Snake Crosssing (exhibited at The Diving Bell on May 30th 2019 in Montreal)

Snake Crosssing is an installation composed of a silicone cast snake that has cut plastic pieces embedded into the silicone (creating patterns in the snake) and that is illuminated from the inside with LED lights. In the installation, the silicone snake has burst through a cardboard box. The second part of the installation features a black resin cast snake that is covered with a structure made from plastic baggies. Each baggy contains a different object found on the ground.

The part of the installation with the black snake alludes to the weight of our consumerism and waste on the animal kingdom.
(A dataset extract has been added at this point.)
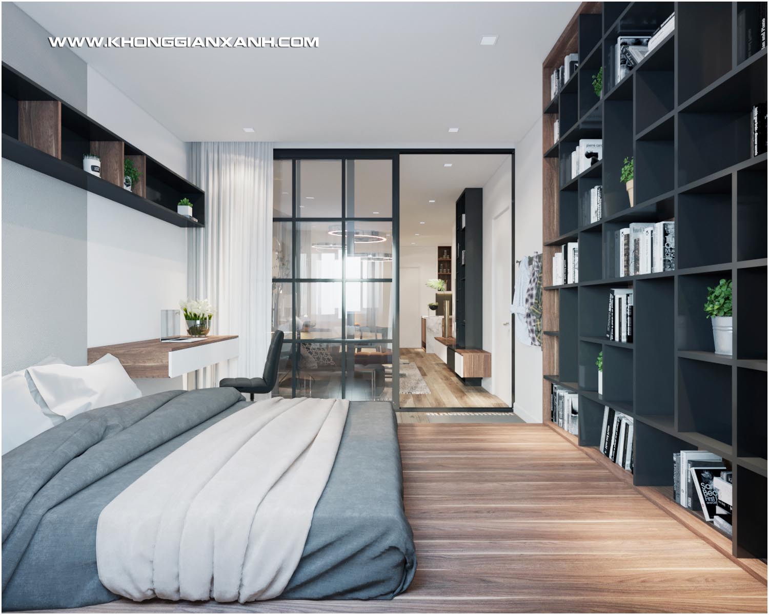 Nhược đểm của căn hộ khi không gian phòng khách bị ngăn cách với không gian cửa sổ hướng ra bên ngoài bởi 1 phòng ngủ được các kiến trúc sư của Kiến trúc Không Gian Xanh giải quyết bằng 1 vách kính lấy sáng xuyên phòng kế hợp hệ màn cửa. Thiết kế này giúp linh động trong việc sử dụng không gian cũng như làm tăn tính thẩm mỹ cho căn hộ mà trước đó vốn bị bó hẹp không gian bởi các vách tường.

The objects found on the ground are part of the same environment as where the snake lives. They have been collected a bagged, and subsequently assembled to form a blanket-like structure. This structure acts as an impediment to the snake's movements, weighing on it and trapping it.

The second part shows how the snake that has been affected by mankind's output. Parts of the plastic have seeped into the snake, and it has become illuminated, almost radioactive, through a transference of the objects and plastic into the snake's body. The snake has mutated, giving it the strength to break through the cardboard box with ease, but how quickly it will take for the snake to expire is hard to tell.

The installation can be seen as different moments within a timeline of affectation of nature by man. As the planet warms and animal species are increasingly affected, man's output continues to affect the natural world, to the point of merging with it permanently.